I agree, Mass Effect / The Witcher is vastly more immersive than silent protagonist alternatives like Fallout 3, Skyrim or The Outer Worlds. That said though, Skyrim and The Outer Worlds could never work with a voice protagonist, Skyrim because the variation is just far to intense to make any logistical sense (as in so many race+gender combos). And The Outer Worlds dialog trees and complexity there would be crazy expensive to voice out fully. Though both are budget bound so with AI assistance it might be possible without super intense spending.

ninjan,

What then about Cyberpunk? It’s not like you can’t do customization of background and looks when you voice the protagonist

ninjan,

And I addressed the expensive part. I’ll even argue that every playable character, even silent ones, are their own character. No game, besides Fallout 3, starts from birth and lets you be whomever as you go. But even in Fallout 3 you’ve still got many things pre-defined, parents, general backstory etc. Same with Skyrim, you’re the dragonborn no matter what you do. It’s really just a budget thing. To the point of the article though I think it adds to immersion to have a voiced protagonist. But others are of a diametrical opinion.

ninjan,

Sure, but none of those still lets you say whatever you want, you’re still locked to a few alternatives that effectively shoehorn you into a character. In the future, with the aid of AI you could match what you personally say or type to an intent and then map that to pre-baked responses. With attacking you or running away as a response to aggression and a “haha very funny but back to the matter at hand” when you’re being silly.
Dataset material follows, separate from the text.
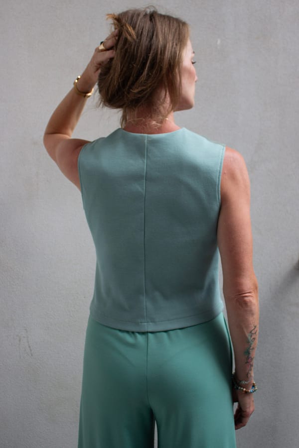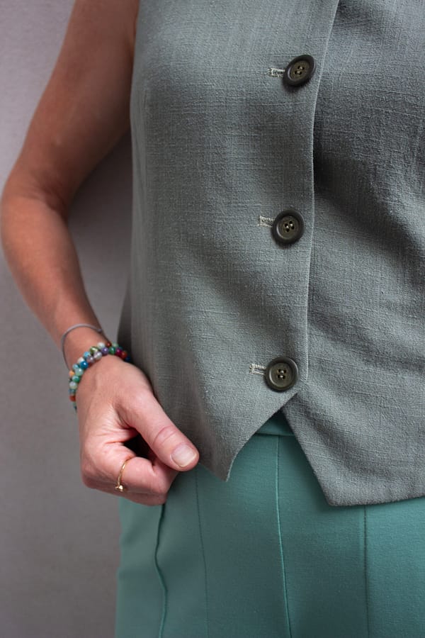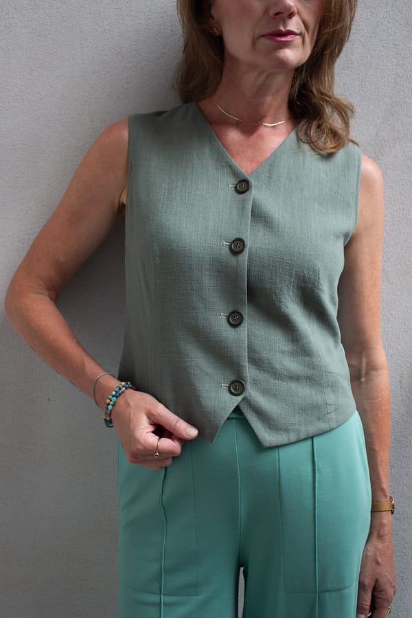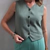 Zelená vesta z ľanu, viskózy a bavlneného úpletu s minimalistickým strihom je skvelou voľbou na vrstvenie aj samostatné nosenie – do práce, na voľný čas či každodenné outfity.

And it’s only when we’re there that I’d, personally, say a “silent” protagonist is as immersive as a voiced one.

ninjan,

No I mean you’re the voice for the protagonist, the game reacts to what you say (or type if you prefer). And we’re all different in what we prefer!

ninjan,

Yes and no, what they did is they used keywords and synonym lists but they were extremely basic and you needed to build a mental model of how dialogue “works” that fit the developers. Hardly ideal. But with LLMs and NLP and some clever programming making NPCs that react convincingly to your typed in questions / interactions isn’t far off.

ninjan,

They can’t handle a long conversation, that’s the problem. But no RPG I’ve ever played has very long conversations, especially not on one topic. The flow is generally opener -> pick a topic -> follow up questions (a few different that all land you back on the same “step”) -> conversation ender / go back to pick topic. Total sentences about one topic is generally no more than 10. And from the LLM standpoint it’d suffice if we kept the topic as one, joined, conversation and every distinct topic as their own instances. Thus we wouldn’t have time to dig to deep before the conversation ends and functionally resets.

But that, AI generated dynamic responses, wasn’t really what I meant. I more meant using player input in a dynamic fashion instead of selecting pre-baked sentences that your PC “says” without their own voice. So the flow would be that you typed or said “Hello there, can you tell me about the night the dragon attacked?” The AI would then interpret that text and match it to which Voice Actor recorded statement that best fit. So you’d get something like “Oh it was terrifying, the dragon burned down the church!” You’d get the same statement if you ask “whatever happened to that church over there?”

You’d also need recorded statements for rude remarks, aggression, that they don’t know (possibly with pointers towards NPC with more information) etc.

So you’re only replacing the dialog selector, not Voice Actors and you’re not voicing the protagonist.

ninjan,

Very much agree, it’s been an insane year for games!